§ **What the task requires**:
Copy out the lines of the records below, and only those lines, from the one with "Gutes für Leib und Seele · Jubiläumstorte" through the one with "PDN Sting-Gray (pastelowy)", exactly as they appear.

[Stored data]
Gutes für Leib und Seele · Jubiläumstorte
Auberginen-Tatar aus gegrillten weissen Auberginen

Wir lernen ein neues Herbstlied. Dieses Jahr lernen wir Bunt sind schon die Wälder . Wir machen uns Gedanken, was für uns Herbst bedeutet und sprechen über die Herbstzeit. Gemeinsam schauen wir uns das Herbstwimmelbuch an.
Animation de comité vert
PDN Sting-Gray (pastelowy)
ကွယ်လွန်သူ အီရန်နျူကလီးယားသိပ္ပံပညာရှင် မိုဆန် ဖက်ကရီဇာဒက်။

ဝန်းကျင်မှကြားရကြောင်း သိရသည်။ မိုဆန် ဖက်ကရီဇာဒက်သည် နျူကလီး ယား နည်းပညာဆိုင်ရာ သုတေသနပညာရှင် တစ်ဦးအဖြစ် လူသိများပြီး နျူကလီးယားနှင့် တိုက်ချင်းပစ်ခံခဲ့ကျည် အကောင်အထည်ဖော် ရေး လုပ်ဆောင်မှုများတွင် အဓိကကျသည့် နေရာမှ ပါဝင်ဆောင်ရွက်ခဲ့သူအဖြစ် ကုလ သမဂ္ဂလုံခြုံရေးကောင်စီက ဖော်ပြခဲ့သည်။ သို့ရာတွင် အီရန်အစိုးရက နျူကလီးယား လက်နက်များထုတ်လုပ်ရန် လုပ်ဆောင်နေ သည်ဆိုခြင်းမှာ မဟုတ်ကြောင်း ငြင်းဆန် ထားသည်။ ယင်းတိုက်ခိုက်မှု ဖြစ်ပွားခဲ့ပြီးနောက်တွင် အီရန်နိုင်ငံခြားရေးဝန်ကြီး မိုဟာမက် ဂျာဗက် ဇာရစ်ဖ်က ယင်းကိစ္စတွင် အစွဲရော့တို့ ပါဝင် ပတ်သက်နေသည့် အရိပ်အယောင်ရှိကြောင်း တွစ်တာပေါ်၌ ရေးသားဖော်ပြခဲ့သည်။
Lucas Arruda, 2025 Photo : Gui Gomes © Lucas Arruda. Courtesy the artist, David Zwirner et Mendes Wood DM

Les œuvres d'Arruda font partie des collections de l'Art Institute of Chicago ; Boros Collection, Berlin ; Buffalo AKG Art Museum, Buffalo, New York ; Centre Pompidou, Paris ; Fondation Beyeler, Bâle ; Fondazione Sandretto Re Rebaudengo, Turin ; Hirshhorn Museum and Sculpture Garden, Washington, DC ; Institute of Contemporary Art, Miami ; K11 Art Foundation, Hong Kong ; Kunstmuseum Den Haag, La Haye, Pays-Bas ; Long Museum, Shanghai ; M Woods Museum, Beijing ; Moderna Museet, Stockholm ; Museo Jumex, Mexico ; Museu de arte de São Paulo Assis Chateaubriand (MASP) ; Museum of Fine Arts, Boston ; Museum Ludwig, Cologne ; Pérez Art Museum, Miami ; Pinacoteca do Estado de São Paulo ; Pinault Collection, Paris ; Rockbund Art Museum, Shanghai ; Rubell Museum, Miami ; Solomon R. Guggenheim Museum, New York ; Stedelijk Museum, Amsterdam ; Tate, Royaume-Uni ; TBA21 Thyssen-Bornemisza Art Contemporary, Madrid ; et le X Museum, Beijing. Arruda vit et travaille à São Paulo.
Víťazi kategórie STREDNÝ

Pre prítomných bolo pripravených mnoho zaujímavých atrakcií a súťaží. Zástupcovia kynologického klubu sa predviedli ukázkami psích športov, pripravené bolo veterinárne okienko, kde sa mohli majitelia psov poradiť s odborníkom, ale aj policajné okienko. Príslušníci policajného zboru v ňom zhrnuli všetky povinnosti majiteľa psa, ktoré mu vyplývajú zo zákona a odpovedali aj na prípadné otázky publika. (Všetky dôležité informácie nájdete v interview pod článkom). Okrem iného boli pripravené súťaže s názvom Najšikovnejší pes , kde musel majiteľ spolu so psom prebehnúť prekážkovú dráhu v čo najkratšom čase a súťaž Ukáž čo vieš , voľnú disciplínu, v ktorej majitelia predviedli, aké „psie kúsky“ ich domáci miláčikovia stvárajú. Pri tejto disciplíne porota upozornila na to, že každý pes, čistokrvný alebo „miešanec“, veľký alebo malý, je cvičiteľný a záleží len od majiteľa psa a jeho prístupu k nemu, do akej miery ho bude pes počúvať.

...

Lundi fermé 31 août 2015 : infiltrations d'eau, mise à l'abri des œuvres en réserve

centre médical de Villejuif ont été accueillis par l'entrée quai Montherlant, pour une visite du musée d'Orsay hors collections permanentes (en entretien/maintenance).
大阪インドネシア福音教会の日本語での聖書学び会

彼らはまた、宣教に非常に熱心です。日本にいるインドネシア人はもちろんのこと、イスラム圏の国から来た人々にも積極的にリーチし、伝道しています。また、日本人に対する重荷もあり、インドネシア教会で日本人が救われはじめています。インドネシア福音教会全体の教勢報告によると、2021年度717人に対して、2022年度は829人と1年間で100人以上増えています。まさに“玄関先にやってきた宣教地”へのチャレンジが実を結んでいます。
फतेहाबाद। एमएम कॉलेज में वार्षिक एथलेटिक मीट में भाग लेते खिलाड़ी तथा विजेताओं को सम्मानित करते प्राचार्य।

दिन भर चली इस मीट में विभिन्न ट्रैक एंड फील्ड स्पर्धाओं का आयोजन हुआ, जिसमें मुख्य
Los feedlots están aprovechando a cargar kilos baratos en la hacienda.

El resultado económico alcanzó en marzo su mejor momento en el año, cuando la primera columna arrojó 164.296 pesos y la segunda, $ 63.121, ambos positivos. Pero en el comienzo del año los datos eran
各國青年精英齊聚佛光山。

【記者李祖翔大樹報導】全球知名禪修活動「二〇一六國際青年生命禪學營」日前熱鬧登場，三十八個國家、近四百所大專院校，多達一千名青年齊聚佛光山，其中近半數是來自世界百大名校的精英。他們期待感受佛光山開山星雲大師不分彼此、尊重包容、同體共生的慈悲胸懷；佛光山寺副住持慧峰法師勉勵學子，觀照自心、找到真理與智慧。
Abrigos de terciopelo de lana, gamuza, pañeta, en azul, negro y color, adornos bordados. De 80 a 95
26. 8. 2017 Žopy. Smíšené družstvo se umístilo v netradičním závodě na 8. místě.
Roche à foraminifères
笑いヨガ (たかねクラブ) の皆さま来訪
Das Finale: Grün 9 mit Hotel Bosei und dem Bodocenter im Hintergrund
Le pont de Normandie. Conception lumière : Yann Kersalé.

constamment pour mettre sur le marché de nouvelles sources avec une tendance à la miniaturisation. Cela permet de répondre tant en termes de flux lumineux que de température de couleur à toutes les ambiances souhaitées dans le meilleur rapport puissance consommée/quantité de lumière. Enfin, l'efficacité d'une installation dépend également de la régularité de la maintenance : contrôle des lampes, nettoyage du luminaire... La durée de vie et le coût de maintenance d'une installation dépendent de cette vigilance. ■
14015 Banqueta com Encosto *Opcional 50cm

==

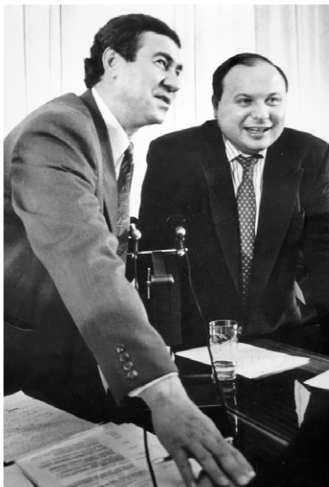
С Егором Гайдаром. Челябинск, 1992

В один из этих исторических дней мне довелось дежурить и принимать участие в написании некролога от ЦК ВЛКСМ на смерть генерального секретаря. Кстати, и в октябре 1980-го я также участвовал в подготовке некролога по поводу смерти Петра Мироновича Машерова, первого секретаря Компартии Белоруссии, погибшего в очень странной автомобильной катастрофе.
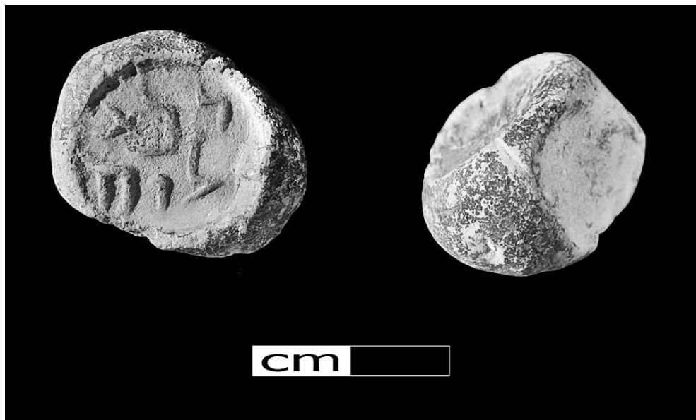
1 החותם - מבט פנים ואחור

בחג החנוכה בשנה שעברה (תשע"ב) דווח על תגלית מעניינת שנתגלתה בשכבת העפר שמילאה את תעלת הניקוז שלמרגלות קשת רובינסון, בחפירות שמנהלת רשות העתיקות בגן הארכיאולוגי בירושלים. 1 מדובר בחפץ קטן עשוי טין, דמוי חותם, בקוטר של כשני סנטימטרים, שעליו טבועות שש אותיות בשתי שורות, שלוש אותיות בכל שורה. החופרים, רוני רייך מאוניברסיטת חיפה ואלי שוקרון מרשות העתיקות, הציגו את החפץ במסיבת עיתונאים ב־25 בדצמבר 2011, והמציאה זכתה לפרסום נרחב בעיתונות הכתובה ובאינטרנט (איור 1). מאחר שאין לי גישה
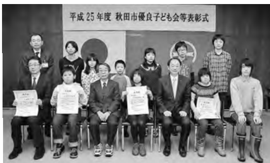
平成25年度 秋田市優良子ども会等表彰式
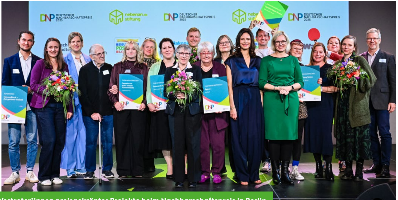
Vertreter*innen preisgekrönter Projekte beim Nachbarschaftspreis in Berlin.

§ **Exercise output**:
Gutes für Leib und Seele · Jubiläumstorte
Auberginen-Tatar aus gegrillten weissen Auberginen

Wir lernen ein neues Herbstlied. Dieses Jahr lernen wir Bunt sind schon die Wälder . Wir machen uns Gedanken, was für uns Herbst bedeutet und sprechen über die Herbstzeit. Gemeinsam schauen wir uns das Herbstwimmelbuch an.
Animation de comité vert
PDN Sting-Gray (pastelowy)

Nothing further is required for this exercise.